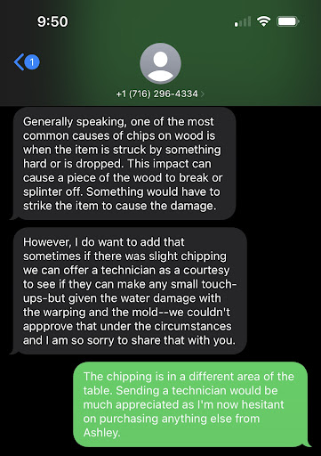 Read moreDO NOT BUY HERE!!!!!!My sister and her husband went in and purchased a full bedroom set⌠bed, dresser, mattress, the works for thousands of dollars. Well today was delivery day. Letâs start with the delivery guys were modern day Cheech and Chong stoners. They brought in the furniture and then looked utterly confused and asked âum did you order a mattress?â When Alli answered yes they said well we have your furniture and not your mattress. She asked them to check and they responded the computer system at Ashleyâs is down. The irony of that statement is THREE WEEKS AGO when they went in to purchase the bedroom set were told the computer systems were down then too and all orders went through one store. How on earth does it take 3 weeks to solve this problem???? It doesnât take NASA computer engineers to solve this, this is a problem easily handled by a first year computer science major. When her husband went in to complain seeing as the customer service line is non existent and no one answers was told a common they had no record of a mattress being ordered. When he stated he was so frustrated he wanted a refund he was told the standard answer âthere are no refundsâ he then demanded a bed, when they finally relented and gave him a temp bed which was substandard to what they purchased they didnât even help him load it into his truck, this is unacceptable. What Ashley furniture doesnât realize is they have a legally binding contract complete with an offer, consideration and acceptance which is in the purchase agreement. That agreement was breached for services not rendered. Now Iâm SURE the generic response will be issued with âgive us an opportunity to fix thisâ followed but the number to text or email. This is unacceptable. A more plausible route I suggested was a chargeback to the merchant for fraud and services not rendered. A compromised can be reached in the form of a HIGH discount. Or a full refund. Please no generic response. Take time to address issues on an...
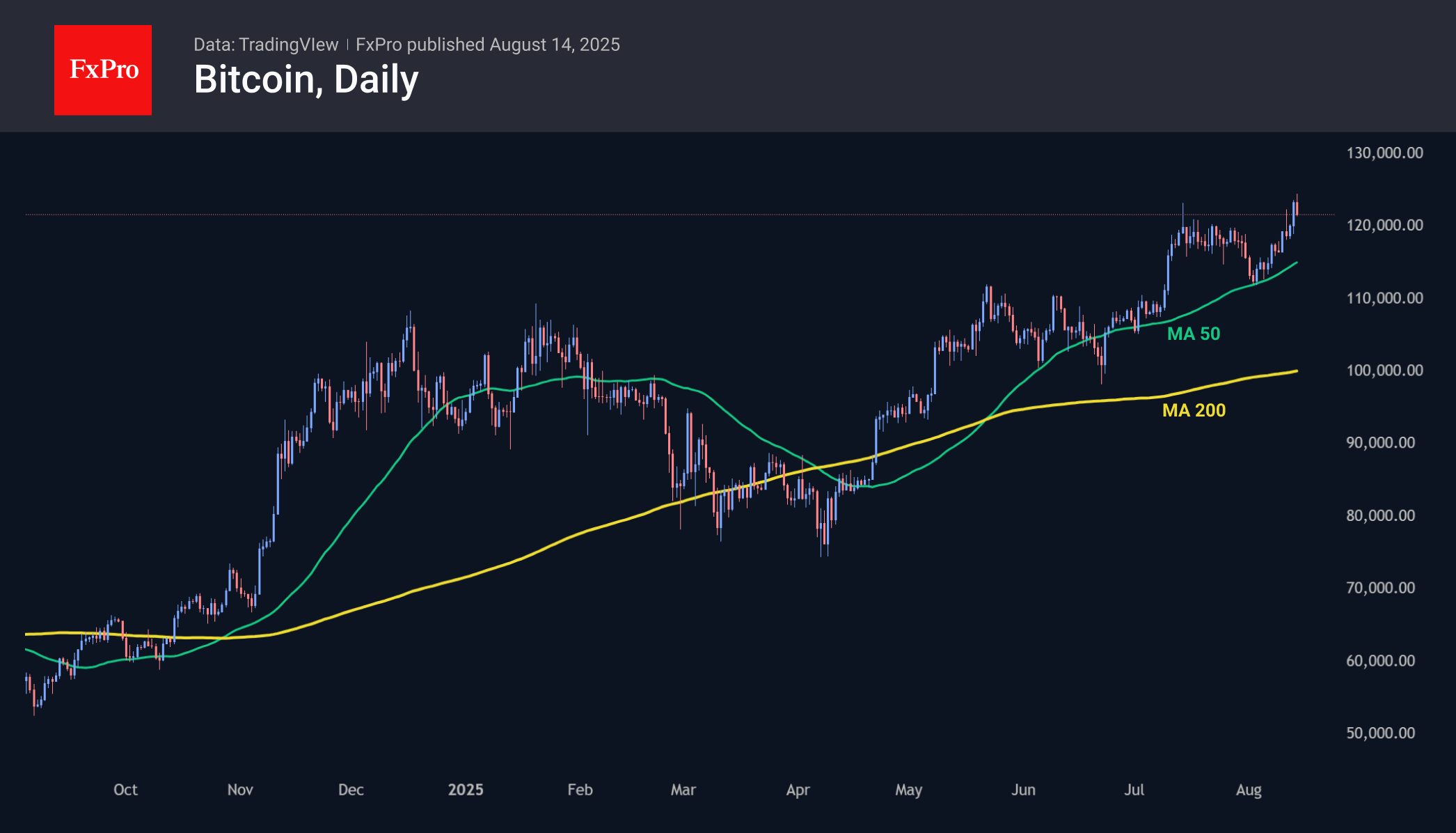 Биткоин уверенно прибавлял на протяжении всей среды, проскользнув до нового исторического максимума у $124.5K на тонких ранних торгах в Азии в четверг, но откатившись ниже $122K на момент написания. Покупатели усилили натиск за счёт позитивных настроений на мировых рынках, где многие ключевые индексы обновляли исторические максимумы.
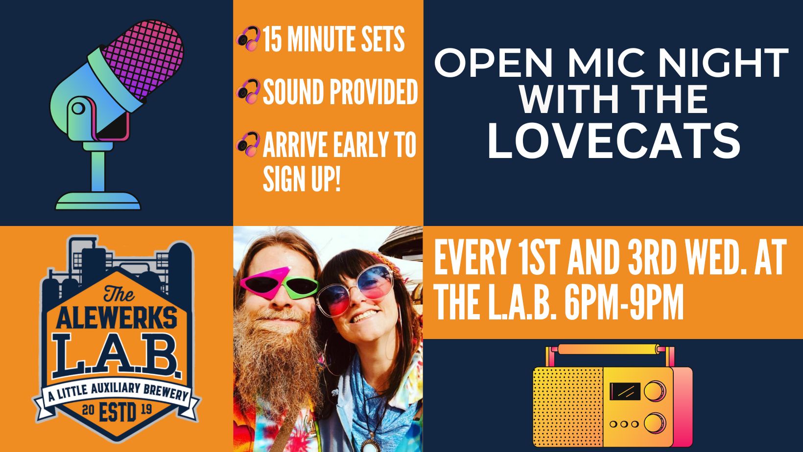 Check out Open Mic Night at the L.A.B. Wednesday night with the Lovecats. It's free to participate, and free to watch! If you're looking to perform, be sure to show up early so you can sign up. Performers are given 15 minute sets and sound is provided. Open Mic Night is about exploring new music,...

Prompt:
What is needed is an exact copy of every line from the one with "Биткоин уверенно прибавлял" to the end of the listing above, with the pictures left out.

Solution to this task:
 Биткоин уверенно прибавлял на протяжении всей среды, проскользнув до нового исторического максимума у $124.5K на тонких ранних торгах в Азии в четверг, но откатившись ниже $122K на момент написания. Покупатели усилили натиск за счёт позитивных настроений на мировых рынках, где многие ключевые индексы обновляли исторические максимумы.
 Check out Open Mic Night at the L.A.B. Wednesday night with the Lovecats. It's free to participate, and free to watch! If you're looking to perform, be sure to show up early so you can sign up. Performers are given 15 minute sets and sound is provided. Open Mic Night is about exploring new music,...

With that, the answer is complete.